The ring-opening polymerization of (S)-β-butyrolactone with diethylzinc ZnEt_{2}/water produces poly-(S)-3-hydroxybutyrate with ee > 97% under retention of the configuration at the chiral carbon atom:

With tin compounds (distannoxanes) as catalysts, the polymerization of (R)-β-butyrolactone also produces high molecular weight (M_{n} > 100,000) synthetic (R)-polyhydroxybutyrates with retention, which resemble the natural polyhydroxyalkanoates.

The anionic polymerization of optically active β-butyrolactone leads to crystalline, isotactic polyhydroxybutyrates under inversion, whose low polydispersity M_{w}/M_{n} ≈ 1,2 indicate a living polymerization.

Also strong bases such as diazabicycloundecene (DBU), 1,5,7-triazabicyclo(4.4.0)dec-5-en (TBD) and the phosphazene BEMP are able to catalyze the ring-opening polymerization of β-butyrolactone in substance at 60 °C achieving a low molecular weight PHBs (M_{n} < 21.000) with narrow molecular weight distribution.
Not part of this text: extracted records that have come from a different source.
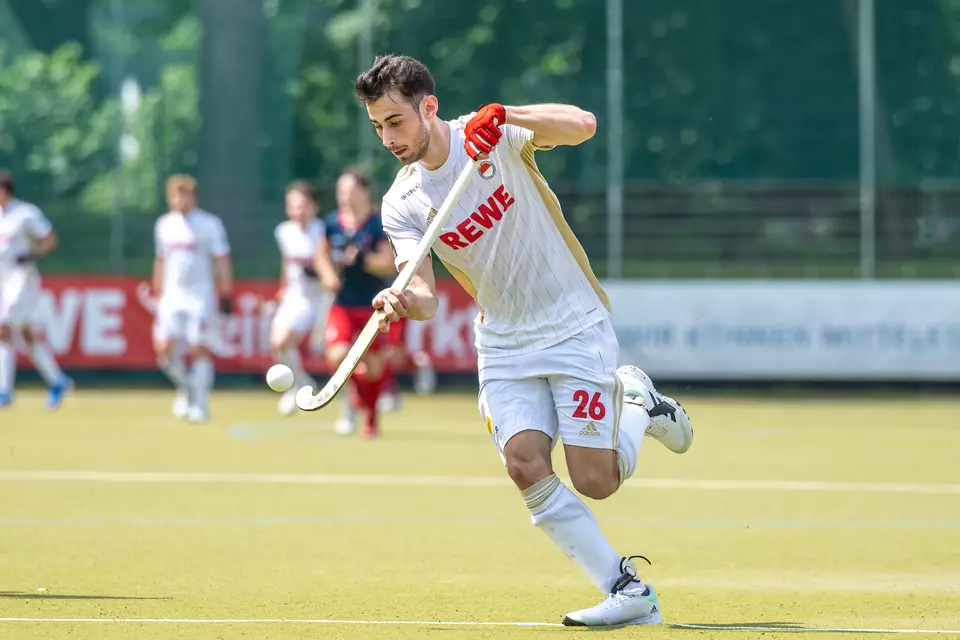 Die Herren von Rot-Weiss Köln haben voriges Jahr ihre zehnte Feldmeisterschaft perfekt gemacht, genau 50 Jahre nach der Premierenmeisterschaft 1972. Sollte der Titelverteidiger in Mannheim triumphieren, wäre es ein echter Titel-Hattrick nach den Siegen 2021 und 2022. Etwas bescheidener ist die Wimpelsammlung beim Kölner Halbfinalgegner. Der Harvestehuder THC wurde bislang vier Mal Meister (1996, 1998, 2000 und 2014). 2014 war auch die letzte Endspielteilnahme der Hanseaten, die damals Köln klar mit 5:1 schlugen. In der aktuellen Saison konnte jede Seite ein Spiel für sich entscheiden. Rot-Weiss gewann in der Hinrunde im Oktober mit 5:0 auf heimischer Anlage, der HTHC siegte im Rückspiel im April 2:1. Beide Teams waren auch im Vorjahr beim Final4 in Bonn im Halbfinale aufeinandergetroffen, damals siegte Köln mit 3:1 (Foto). Seinen Weg zur Endrunde 2023 bahnte sich Köln als Staffelsieger und mit 2:1-Siegen im Viertelfinale gegen den Berliner HC. Der HTHC war Staffeldritter der Staffel B und schaltete im Play-off mit 2:1-Siegen den Vorjahresvizemeister Hamburger Polo Club aus.
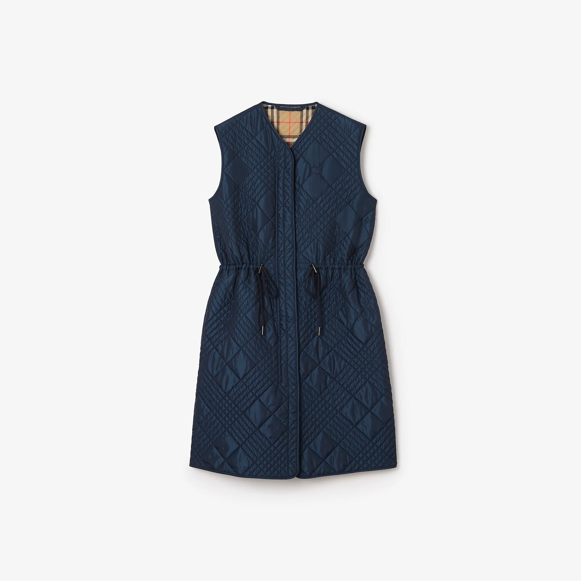 Product Details Regular fit. Fits true to size, take your normal size. A long quilted gilet in a lightweight changeant nylon blend, an archive-inspired fabric woven with contrasting yarns for a subtle sheen. The design is detailed with our micro check-stitch – a new take on quilted stitching inspired by the iconic house code. Shaped to a regular fit with a drawcord waist, the silhouette is lined with Burberry Check cotton twill and embroidered with a tonal Equestrian Knight Design. - Two-way zip and press-stud closure - Drawcord waist - Side slip pockets - Embroidered Equestrian Knight Design at chest - Burberry Check lining - Comes with a garment bag - Item 81187231 Size & Fit - Regular fit. Fits true to size, take your normal size. - Length: 95cm/37.4in (size UK S) Fabric & Care - Outer: 70% polyamide, 30% polyester - Lining: 100% cotton - Filling: 100% polyester fibres - Specialist dry clean - Imported
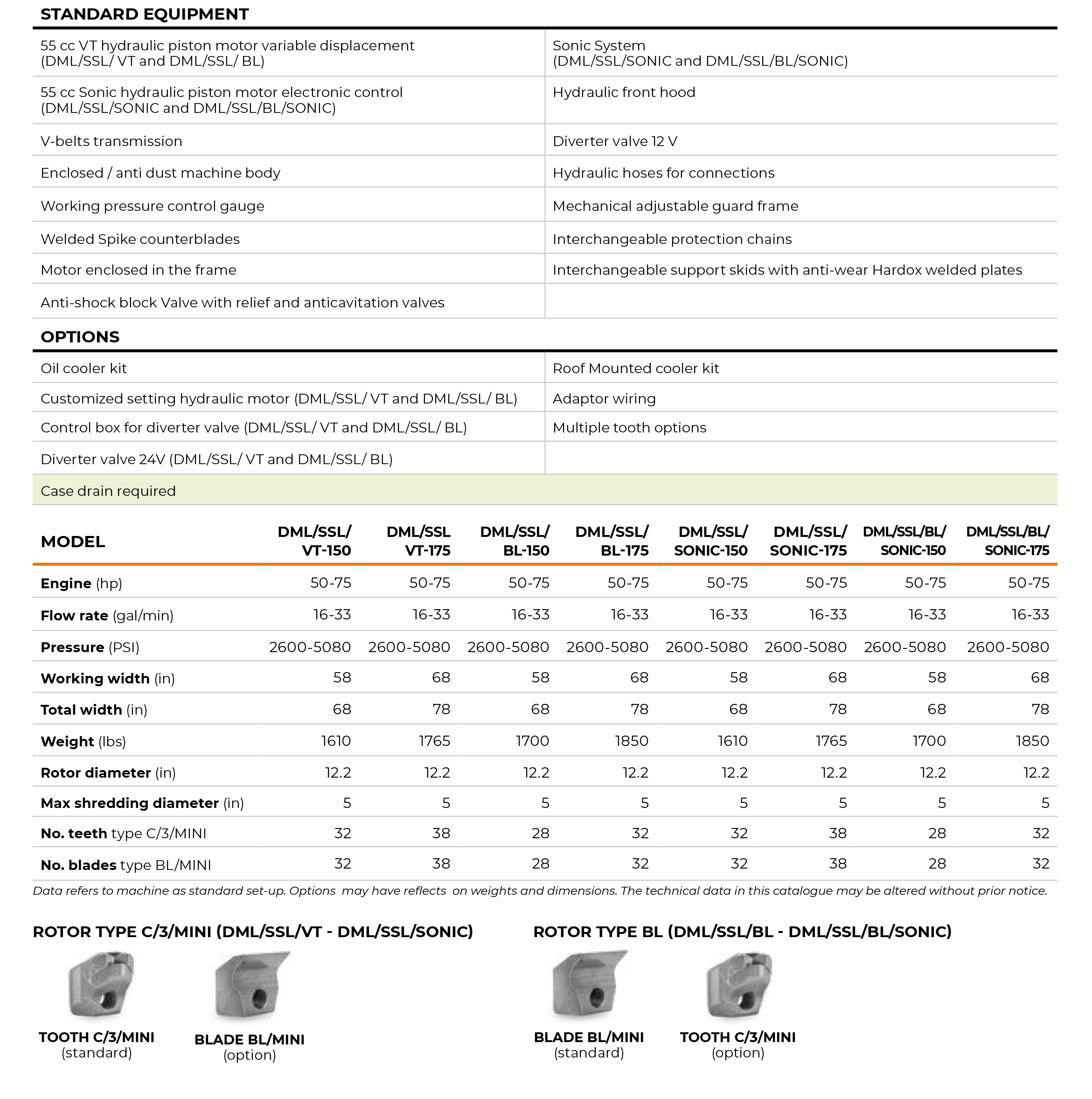 The DML/SSL forestry mulcher, designed for skid steer from 50 to 75 hp, is able to shred material up to 5” in diameter. This head is ideal to have high productivity in vegetation management and provide high shredding capacity in wooded and forestry areas, where the agility and compactness of a skid steer is required. The head is designed to offer high productivity, durability and ease of maintenance for the operator. The DML/SSL is available in VT version with fixed tooth rotor or in BL version with Bite Limiter rotor with fixed blades. For the VT or BL versions, Sonic technology is available, a FAE exclusive.

The cationic ring-opening polymerization of β-butyrolactone with strong acids such as trifluoromethanesulfonic acid leads to low-molecular PHBs (M_{n} < 8,200) with living hydroxyl chain ends to which, for example, caprolactone blocks can be copolymerized.

With yttrium-based catalysts racemic β-butyrolactone can be converted into (mainly) syndiotactic PHB with narrow molecular weight distribution.

N-heterocyclic carbenes (NHCs) of the imidazol-2-ylidene type are strong nucleophiles and are also suitable as initiators for the ring-opening polymerization of lactones such as β-butyrolactone.

Synthetic PHB variants, which were developed as homopolymers of β-butyrolactone or copolymers with other lactones, have so far not been able to compensate for the weaknesses of the biogenic material - in particular unfavourable mechanical and thermal properties and high price. Instead, new problems with toxic heavy metals in the catalysts (e.g. tin, cobalt or chromium) and atactic polymer components (liquid and difficult to separate) with undesirable material properties have been introduced. Even more than 30 years after its market launch, the economic success of the biopolymer Biopol and its (bio)synthetic analogues is still modest, and despite ambitious capacity targets (actual global polyhydroxyalkanoate production capacity 2018: approx. 30,000 tons) sales have so far lagged far behind the optimistic forecasts of the manufacturers.